**Work instructions**
In the records below, begin at the line that has "今なら全商品2種20%OFF" and stop after the line that has "Vibgyor Heart Edition"; quote those lines verbatim and nothing more.

**Source material**
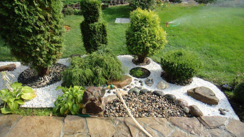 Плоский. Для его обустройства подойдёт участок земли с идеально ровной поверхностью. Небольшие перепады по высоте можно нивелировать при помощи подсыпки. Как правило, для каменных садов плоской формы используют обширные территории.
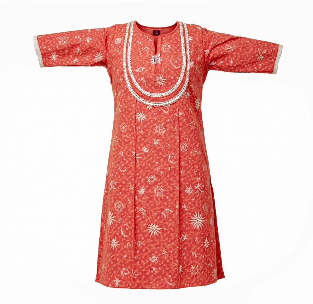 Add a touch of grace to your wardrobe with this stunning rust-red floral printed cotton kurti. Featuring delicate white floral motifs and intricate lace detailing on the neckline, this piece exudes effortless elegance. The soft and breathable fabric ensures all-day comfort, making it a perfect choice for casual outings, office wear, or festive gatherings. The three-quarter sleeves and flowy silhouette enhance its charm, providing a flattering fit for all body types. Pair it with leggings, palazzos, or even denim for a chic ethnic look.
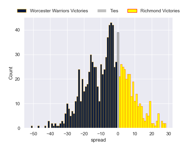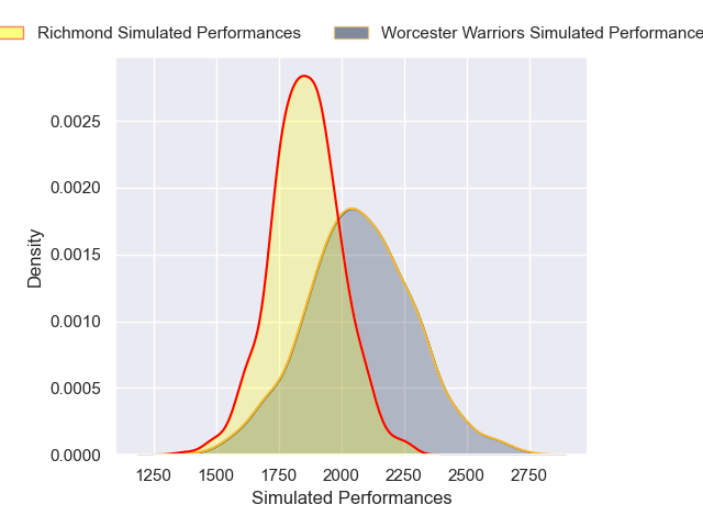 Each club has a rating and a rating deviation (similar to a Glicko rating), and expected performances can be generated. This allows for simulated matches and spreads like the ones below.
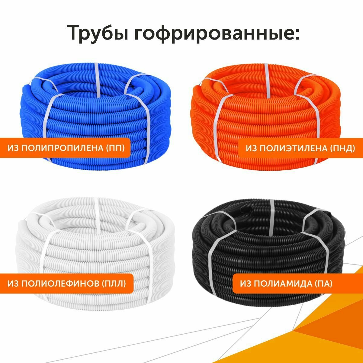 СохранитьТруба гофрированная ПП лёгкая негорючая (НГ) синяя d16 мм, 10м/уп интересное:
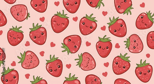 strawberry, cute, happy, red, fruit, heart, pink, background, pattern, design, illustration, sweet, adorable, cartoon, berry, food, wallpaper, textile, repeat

* * *

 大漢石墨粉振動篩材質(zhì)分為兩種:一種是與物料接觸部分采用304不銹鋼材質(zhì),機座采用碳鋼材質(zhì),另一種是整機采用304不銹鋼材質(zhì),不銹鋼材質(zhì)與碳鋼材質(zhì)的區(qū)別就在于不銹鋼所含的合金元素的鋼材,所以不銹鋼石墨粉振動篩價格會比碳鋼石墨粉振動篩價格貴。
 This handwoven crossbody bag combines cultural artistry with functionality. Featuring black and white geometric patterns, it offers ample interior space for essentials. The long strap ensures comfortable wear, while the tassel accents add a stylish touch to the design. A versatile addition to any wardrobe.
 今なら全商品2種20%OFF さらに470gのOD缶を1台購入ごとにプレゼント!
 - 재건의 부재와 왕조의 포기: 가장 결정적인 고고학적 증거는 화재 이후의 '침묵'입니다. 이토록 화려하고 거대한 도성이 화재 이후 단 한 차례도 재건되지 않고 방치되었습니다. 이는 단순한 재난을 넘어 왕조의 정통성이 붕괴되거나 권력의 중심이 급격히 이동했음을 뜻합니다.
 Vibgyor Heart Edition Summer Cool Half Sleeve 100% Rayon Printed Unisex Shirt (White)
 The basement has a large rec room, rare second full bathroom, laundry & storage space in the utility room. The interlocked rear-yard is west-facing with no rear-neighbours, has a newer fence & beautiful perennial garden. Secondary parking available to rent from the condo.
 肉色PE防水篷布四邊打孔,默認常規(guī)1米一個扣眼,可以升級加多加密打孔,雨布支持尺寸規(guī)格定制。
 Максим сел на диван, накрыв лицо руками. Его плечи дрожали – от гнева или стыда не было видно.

**Written response**
 今なら全商品2種20%OFF さらに470gのOD缶を1台購入ごとにプレゼント!
 - 재건의 부재와 왕조의 포기: 가장 결정적인 고고학적 증거는 화재 이후의 '침묵'입니다. 이토록 화려하고 거대한 도성이 화재 이후 단 한 차례도 재건되지 않고 방치되었습니다. 이는 단순한 재난을 넘어 왕조의 정통성이 붕괴되거나 권력의 중심이 급격히 이동했음을 뜻합니다.
 Vibgyor Heart Edition Summer Cool Half Sleeve 100% Rayon Printed Unisex Shirt (White)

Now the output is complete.